● Your assignment
From the records below, copy out exactly the lines from the one containing "A guardian on" to the one containing "醫院的護理師分為三班制排班:白班、小夜班", both included. Add nothing else.

─── Records to process ───

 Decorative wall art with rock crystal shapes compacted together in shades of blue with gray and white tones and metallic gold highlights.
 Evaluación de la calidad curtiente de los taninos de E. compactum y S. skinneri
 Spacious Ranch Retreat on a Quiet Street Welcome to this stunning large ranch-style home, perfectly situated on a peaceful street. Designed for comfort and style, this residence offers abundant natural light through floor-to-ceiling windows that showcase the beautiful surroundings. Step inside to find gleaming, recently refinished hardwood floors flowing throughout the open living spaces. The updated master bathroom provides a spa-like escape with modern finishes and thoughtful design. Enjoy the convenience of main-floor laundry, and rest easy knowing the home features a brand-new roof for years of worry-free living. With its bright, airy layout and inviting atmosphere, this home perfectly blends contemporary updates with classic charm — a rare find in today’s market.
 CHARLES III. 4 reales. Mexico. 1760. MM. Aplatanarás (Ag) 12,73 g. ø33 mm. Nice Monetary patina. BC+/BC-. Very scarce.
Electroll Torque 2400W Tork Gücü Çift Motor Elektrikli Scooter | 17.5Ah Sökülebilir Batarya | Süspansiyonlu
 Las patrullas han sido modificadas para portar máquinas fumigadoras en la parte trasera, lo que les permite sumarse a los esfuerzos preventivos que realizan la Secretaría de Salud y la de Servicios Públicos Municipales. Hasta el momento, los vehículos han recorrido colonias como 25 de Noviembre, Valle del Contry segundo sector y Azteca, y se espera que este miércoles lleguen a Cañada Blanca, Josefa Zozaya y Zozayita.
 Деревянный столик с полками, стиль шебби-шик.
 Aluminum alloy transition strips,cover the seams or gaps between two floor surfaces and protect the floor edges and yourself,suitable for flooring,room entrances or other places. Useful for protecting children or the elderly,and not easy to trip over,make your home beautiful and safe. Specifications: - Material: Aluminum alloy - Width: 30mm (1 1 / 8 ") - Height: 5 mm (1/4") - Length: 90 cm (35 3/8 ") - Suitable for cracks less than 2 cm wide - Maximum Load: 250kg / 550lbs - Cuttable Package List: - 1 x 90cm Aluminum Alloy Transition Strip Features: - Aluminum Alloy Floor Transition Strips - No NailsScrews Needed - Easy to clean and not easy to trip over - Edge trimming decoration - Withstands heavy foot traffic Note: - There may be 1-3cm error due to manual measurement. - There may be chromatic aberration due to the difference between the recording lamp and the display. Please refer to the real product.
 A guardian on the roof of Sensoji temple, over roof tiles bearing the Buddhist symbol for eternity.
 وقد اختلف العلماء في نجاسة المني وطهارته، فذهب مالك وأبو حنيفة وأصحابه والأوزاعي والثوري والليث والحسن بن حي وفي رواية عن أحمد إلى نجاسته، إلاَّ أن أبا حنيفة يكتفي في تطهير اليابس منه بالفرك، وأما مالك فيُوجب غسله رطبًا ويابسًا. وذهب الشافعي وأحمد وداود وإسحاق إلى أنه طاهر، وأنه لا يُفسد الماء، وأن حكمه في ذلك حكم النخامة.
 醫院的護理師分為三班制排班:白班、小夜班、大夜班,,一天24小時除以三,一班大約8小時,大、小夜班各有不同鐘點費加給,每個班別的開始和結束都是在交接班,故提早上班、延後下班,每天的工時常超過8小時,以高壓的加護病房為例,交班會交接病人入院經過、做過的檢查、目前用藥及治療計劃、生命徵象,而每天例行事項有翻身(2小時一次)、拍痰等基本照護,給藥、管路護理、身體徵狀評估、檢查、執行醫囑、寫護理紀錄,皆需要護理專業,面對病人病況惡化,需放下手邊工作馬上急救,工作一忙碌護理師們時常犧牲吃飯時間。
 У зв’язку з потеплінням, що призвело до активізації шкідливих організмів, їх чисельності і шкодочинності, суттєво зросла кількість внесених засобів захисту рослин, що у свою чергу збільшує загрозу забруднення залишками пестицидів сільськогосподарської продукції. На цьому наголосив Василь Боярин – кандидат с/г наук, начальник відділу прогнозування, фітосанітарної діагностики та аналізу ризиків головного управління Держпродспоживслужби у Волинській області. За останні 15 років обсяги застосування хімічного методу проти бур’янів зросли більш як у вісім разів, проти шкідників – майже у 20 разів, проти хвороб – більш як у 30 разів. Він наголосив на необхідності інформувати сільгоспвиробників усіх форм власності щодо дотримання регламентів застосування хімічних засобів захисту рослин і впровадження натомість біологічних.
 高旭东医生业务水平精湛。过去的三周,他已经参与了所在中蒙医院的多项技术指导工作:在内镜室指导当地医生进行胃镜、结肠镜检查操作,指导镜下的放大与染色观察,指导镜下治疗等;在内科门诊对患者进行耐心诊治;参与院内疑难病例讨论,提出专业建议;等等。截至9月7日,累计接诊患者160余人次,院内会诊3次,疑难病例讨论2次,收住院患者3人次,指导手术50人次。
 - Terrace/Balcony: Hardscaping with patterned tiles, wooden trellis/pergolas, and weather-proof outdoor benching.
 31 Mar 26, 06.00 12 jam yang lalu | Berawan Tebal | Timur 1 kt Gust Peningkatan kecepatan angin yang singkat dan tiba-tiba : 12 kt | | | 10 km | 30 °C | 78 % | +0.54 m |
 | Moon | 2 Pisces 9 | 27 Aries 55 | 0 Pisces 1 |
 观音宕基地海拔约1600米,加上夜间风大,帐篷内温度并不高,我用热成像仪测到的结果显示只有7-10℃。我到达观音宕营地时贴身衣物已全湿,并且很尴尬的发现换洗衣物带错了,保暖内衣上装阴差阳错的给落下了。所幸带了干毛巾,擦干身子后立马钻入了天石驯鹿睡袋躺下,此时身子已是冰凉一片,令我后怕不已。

───

● Solution to this task
 A guardian on the roof of Sensoji temple, over roof tiles bearing the Buddhist symbol for eternity.
 وقد اختلف العلماء في نجاسة المني وطهارته، فذهب مالك وأبو حنيفة وأصحابه والأوزاعي والثوري والليث والحسن بن حي وفي رواية عن أحمد إلى نجاسته، إلاَّ أن أبا حنيفة يكتفي في تطهير اليابس منه بالفرك، وأما مالك فيُوجب غسله رطبًا ويابسًا. وذهب الشافعي وأحمد وداود وإسحاق إلى أنه طاهر، وأنه لا يُفسد الماء، وأن حكمه في ذلك حكم النخامة.
 醫院的護理師分為三班制排班:白班、小夜班、大夜班,,一天24小時除以三,一班大約8小時,大、小夜班各有不同鐘點費加給,每個班別的開始和結束都是在交接班,故提早上班、延後下班,每天的工時常超過8小時,以高壓的加護病房為例,交班會交接病人入院經過、做過的檢查、目前用藥及治療計劃、生命徵象,而每天例行事項有翻身(2小時一次)、拍痰等基本照護,給藥、管路護理、身體徵狀評估、檢查、執行醫囑、寫護理紀錄,皆需要護理專業,面對病人病況惡化,需放下手邊工作馬上急救,工作一忙碌護理師們時常犧牲吃飯時間。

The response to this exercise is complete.